A car in an auto accident left skid marks 290 m long. Assuming an average acceleration of -3.9 m/s/s (that is, -0.4 g), calculate the Jag's speed when the brakes locked.

I know acceleration and scalar distance, but I don't know anything about the initial speed and such. So how can I choose a formula?

Thanks

2. Sep 28, 2004

### Pyrrhus

For first problem, review Free Fall.

For the second problem, what happens when you apply the brakes?

3. Sep 28, 2004

### bjr_jyd15

When the brakes applied, the car slows, right? And skids 290 m.
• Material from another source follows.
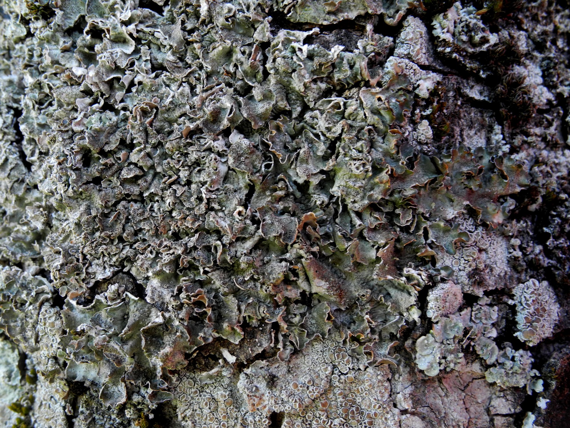 Je voulais blaguer sur le thème "apothécies nulle part, pycnides partout", croyant illustrer la remarque d'une collègue de Lichen Go ! sur les différences entre les spécimens de ville et les spécimens de forêt pour une même espèce, qui s'appliquait entre autre à Pleurosticta acetabulum que l'on observe presque toujours sans apothécies dans les villes ...

I'm not sure where to go from there

4. Sep 28, 2004

### punjabi_monster

This is how i believe the question is solved:
Vi=?
Vf=0m/s
a=-3.9m/s^2
t=X
d=290 m

use thsi formula
Vf^2 = Vi^2 + 2ad

5. Sep 28, 2004

### tyco05

I'm an Aussie, so I should be able to help with the Kangaroo question!

First off, you have more than one variable.

(Assuming that the kangaroo is on the Earth) The acceleration can be given by g. (ie use -9.8 m/s/s)

The displacement is 2.5m, and Vf = 0 (at the top of the jump, the kangaroo's velocity is zero).

Vi is the unknown, that you want to calculate.

I believe the constant acceleration formula you might need is:

$$v_f^2 = v_i^2 + 2as$$

where Vf and Vi are the final and initial velocities respectively.
a is the acceleration
s is the displacement

also don't forget the direction of things. (if you use +2.5 for the displacement, you MUST use -9.8 for the acceleration)

6. Sep 29, 2004

### bjr_jyd15

thanks

Great, thanks Tyco and punjabi. I got the problems, and I actually understand them.